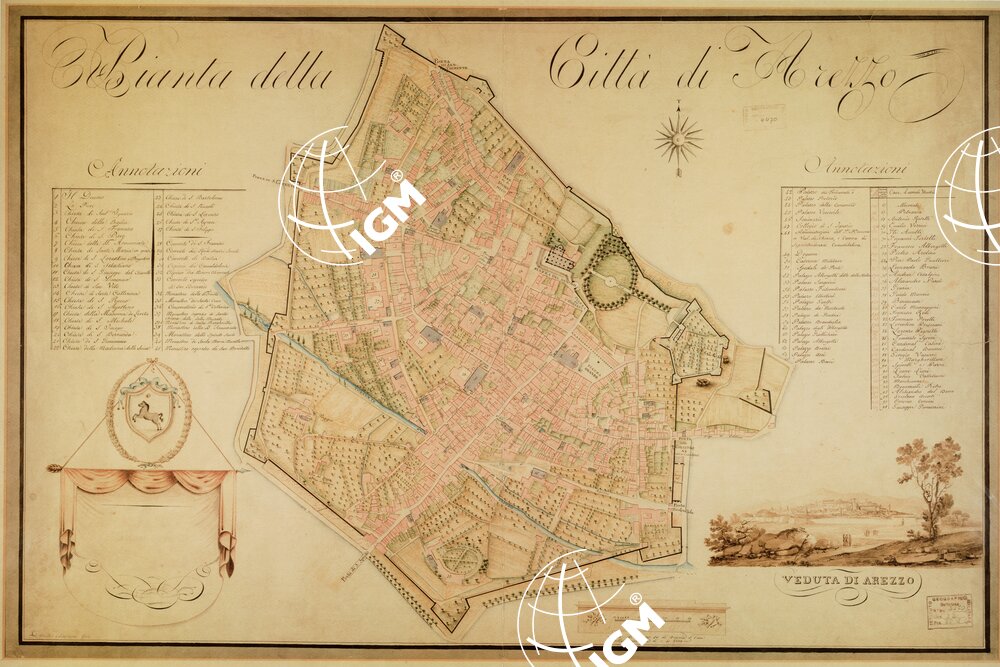 Pianta manoscritta acquerellata a colori, rosso per le costruzioni, verde per le coltivazioni, i giardini ecc., azzurro per le acque. Firmata Daniele Manzini. A destra e a sinistra elenco numerico delle principali costruzioni. In basso una veduta della città. Scala grafica in canne fiorentine. Un foglio montato su tela. Disegno originale che servì per la pianta seguente.
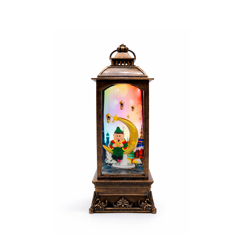 جوه الفانوس شخصيات فنانيس في مشهد رمضاني جميل، ومع الحركة الفانوس بيعمل حركة حلوة وينزل تلج وجليتر حوالين الشخصيات، منظر يفرّح أي طفل ويخلّي رمضان ليه طعم مختلف ❄️
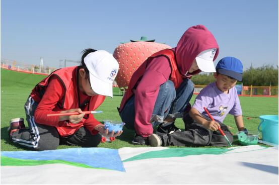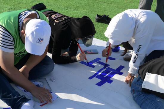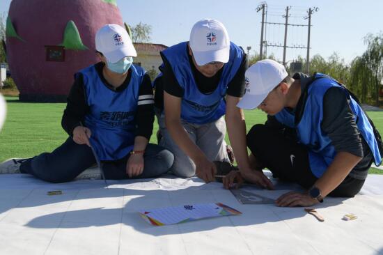 正午,伴著炎炎烈日,紅、黃、藍、綠四隊斗志昂揚,領取物料,小隊內部職能分工——繪畫組、外協(xié)組、涂色組。長6.8米、寬4米的納斯卡巨畫第一步驟極大的考驗大家的體力及細心程度,白色畫布在烈日的照耀下直晃人眼,但每個團隊的成員都極其有耐心的或爬、或跪、或蹲,在白畫上一筆一筆繪制網(wǎng)格,確定坐標,筆筆慎重,分毫必較,嚴謹、細致的工作態(tài)度讓人欽佩。這邊繪畫組緊張忙碌著,那邊外協(xié)組也沒有閑著,積極與其他團隊做好協(xié)商、交流,力爭四幅畫作在最終合體的時候能無縫對接。14:00-17:30,體力的消耗加上炎熱的天氣,沒有消磨隊員的斗志與毅力,歷經(jīng)3個多小時,四幅畫作全部完成,巨畫拼接,當“傳承、改變、革新、發(fā)展”精彩呈現(xiàn)的那一刻,每個隊員都成就感滿滿;當“奔跑吧,寧夏公路”的吶喊聲沖向云霄的時候,每個隊員都笑逐顏開、歡欣鼓舞。
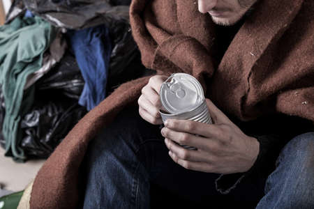 Due to the pandemic the homeless man lives by the walkway and begs for donation. He suffers from hunger, holds out his hand and mug.
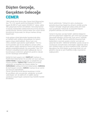 28Kendi sekt%u00f6r%u00fcnde, T%u00fcrkiye%u2019nin ad%u0131n%u0131 uluslararas%u0131 arenada duyurmay%u0131 ba%u015farm%u0131%u015f olman%u0131n verdi%u011fi gururla %u201cD%u00fc%u015ften Ger%u00e7e%u011fe%u201d slogan%u0131yla %u00e7%u0131kt%u0131%u011f%u0131 yolda yeni nesil oyun gruplar%u0131yla T%u00fcrkiye%u2019de ve D%u00fcnyada ba%u015far%u0131l%u0131 projelerle ad%u0131ndan s%u00f6z ettirmektedir. Cemer%u2019in bundan sonraki hedefi; sekt%u00f6rel de%u011fi%u015fimin %u00e7ok h%u0131zl%u0131 geli%u015fmesini sa%u011flamak, yeni nesil oyun gruplar%u0131 alan%u0131ndaki liderli%u011fini s%u00fcrd%u00fcrmek, fiyat yerine %u201cKalitede Rekabet ve Yenilik%u201d ilkesini sekt%u00f6r%u00fcne kazand%u0131rmak, beklentilerin %u00fczerinde yarat%u0131c%u0131 %u00fcr%u00fcnler sunmak i%u00e7in %u00e7al%u0131%u015fmak olacakt%u0131r. Sekt%u00f6rde farkl%u0131l%u0131klar yarat%u0131p ulusal ve uluslararas%u0131 arenada kal%u0131c%u0131 %u00fcst%u00fcnl%u00fckler sa%u011flamak ad%u0131na yeni ufuklara do%u011fru yol alma hedeflerimizde, sizlerden alaca%u011f%u0131m%u0131z her t%u00fcrl%u00fc ele%u015ftiri ya da %u00f6vg%u00fc bizler i%u00e7in yol g%u00f6sterici olacak ve yeni hedeflere do%u011fru ko%u015fmam%u0131z%u0131 sa%u011flayacakt%u0131r.1994 y%u0131l%u0131nda %u0130zmir%u2019de kurulan Cemer Kent Ekipmanlar%u0131 San. Tic. A.%u015e. %u00e7eyrek as%u0131rl%u0131k tecr%u00fcbesiyle 25.000 m%u00b2 kapal%u0131 30.000 m%u00b2 a%u00e7%u0131k toplam 55.000 m%u00b2 alana sahip 300 %u00e7al%u0131%u015fan%u0131yla hizmet vermektedir. Kent ekipmanlar%u0131 ve donat%u0131 malzemeleri sekt%u00f6r%u00fcnde %u00f6nc%u00fc firma olman%u0131n verdi%u011fi bilin%u00e7le, fikirden %u00fcretime kadar t%u00fcm s%u00fcreci kendi b%u00fcnyesinde olu%u015fturarak, bir d%u00fcnya markas%u0131 olmay%u0131 ba%u015farm%u0131%u015ft%u0131r. H%u0131zla geli%u015fen dijital teknolojiler beraberinde daha az hareket eden, gittik%u00e7e asosyalle%u015fen bir toplum yap%u0131s%u0131 ortaya %u00e7%u0131karmaktad%u0131r. Bunun yan%u0131 s%u0131ra n%u00fcfus artarken ye%u015fil alanlar azalmaktad%u0131r. T%u00fcm bu olumsuzluklar%u0131 g%u00f6z %u00f6n%u00fcne ald%u0131%u011f%u0131m%u0131z zaman nefes alan ald%u0131ran ya%u015fam alanlar%u0131n%u0131n %u00f6nemi %u00e7ok daha iyi bir %u015fekilde anla%u015f%u0131labilmektedir. Bu %u00e7er%u00e7evede 7%u2019den 70%u2019e herkesin sosyalle%u015fmesine katk%u0131 sa%u011flayacak, kas ve koordinasyon sisteminin geli%u015fimine yard%u0131mc%u0131 olacak %u00fcr%u00fcnler tasarlay%u0131p %u00fcretmektedir. Kaliteli bir kent ya%u015fam%u0131 i%u00e7in; CMRPLAY markas%u0131 ve Parkfit Kent Ekipmanlar%u0131 ile %u00e7ocuklar i%u00e7in oyun parklar%u0131, CMRXTREME markas%u0131 ile gen%u00e7ler ve yeti%u015fkinler i%u00e7in macera parklar%u0131, CMRACTIVE markas%u0131 ile %u00e7ocuklar, yeti%u015fkinler ve engelliler i%u00e7in fitness aletleri ve CMRURBAN markas%u0131 ile de kent ekipmanlar%u0131, CMRIDEAile %u00f6zel tasar%u0131m %u00fcr%u00fcnler, CMRHIC markas%u0131 ile yer zemin i%u00e7in kau%u00e7uk %u00fcretmektedir. Cemer; g%u00fcvenli%u011fi temel alarak tasarlanan %u00fcr%u00fcnler ile %u00e7ocuklar%u0131n yan%u0131 s%u0131ra gen%u00e7ler, yeti%u015fkinler ve engelli vatanda%u015flar i%u00e7in de e%u011flenceli ve sa%u011fl%u0131kl%u0131 alanlar yaratarak sosyal hayat%u0131 canland%u0131rmay%u0131 hedefle hareket etmektedir. D%u00fc%u015ften Ger%u00e7e%u011fe, Ger%u00e7ekten Gelece%u011fe CEMER

▶ [Prompt]: Only one stretch of the data is wanted: write out exactly the lines from the one holding "جوه الفانوس شخصيات" through the one holding "Due to the pandemic", both included, without the pictures.

▶ [Task output]:
 جوه الفانوس شخصيات فنانيس في مشهد رمضاني جميل، ومع الحركة الفانوس بيعمل حركة حلوة وينزل تلج وجليتر حوالين الشخصيات، منظر يفرّح أي طفل ويخلّي رمضان ليه طعم مختلف ❄️
 正午,伴著炎炎烈日,紅、黃、藍、綠四隊斗志昂揚,領取物料,小隊內部職能分工——繪畫組、外協(xié)組、涂色組。長6.8米、寬4米的納斯卡巨畫第一步驟極大的考驗大家的體力及細心程度,白色畫布在烈日的照耀下直晃人眼,但每個團隊的成員都極其有耐心的或爬、或跪、或蹲,在白畫上一筆一筆繪制網(wǎng)格,確定坐標,筆筆慎重,分毫必較,嚴謹、細致的工作態(tài)度讓人欽佩。這邊繪畫組緊張忙碌著,那邊外協(xié)組也沒有閑著,積極與其他團隊做好協(xié)商、交流,力爭四幅畫作在最終合體的時候能無縫對接。14:00-17:30,體力的消耗加上炎熱的天氣,沒有消磨隊員的斗志與毅力,歷經(jīng)3個多小時,四幅畫作全部完成,巨畫拼接,當“傳承、改變、革新、發(fā)展”精彩呈現(xiàn)的那一刻,每個隊員都成就感滿滿;當“奔跑吧,寧夏公路”的吶喊聲沖向云霄的時候,每個隊員都笑逐顏開、歡欣鼓舞。
 Due to the pandemic the homeless man lives by the walkway and begs for donation. He suffers from hunger, holds out his hand and mug.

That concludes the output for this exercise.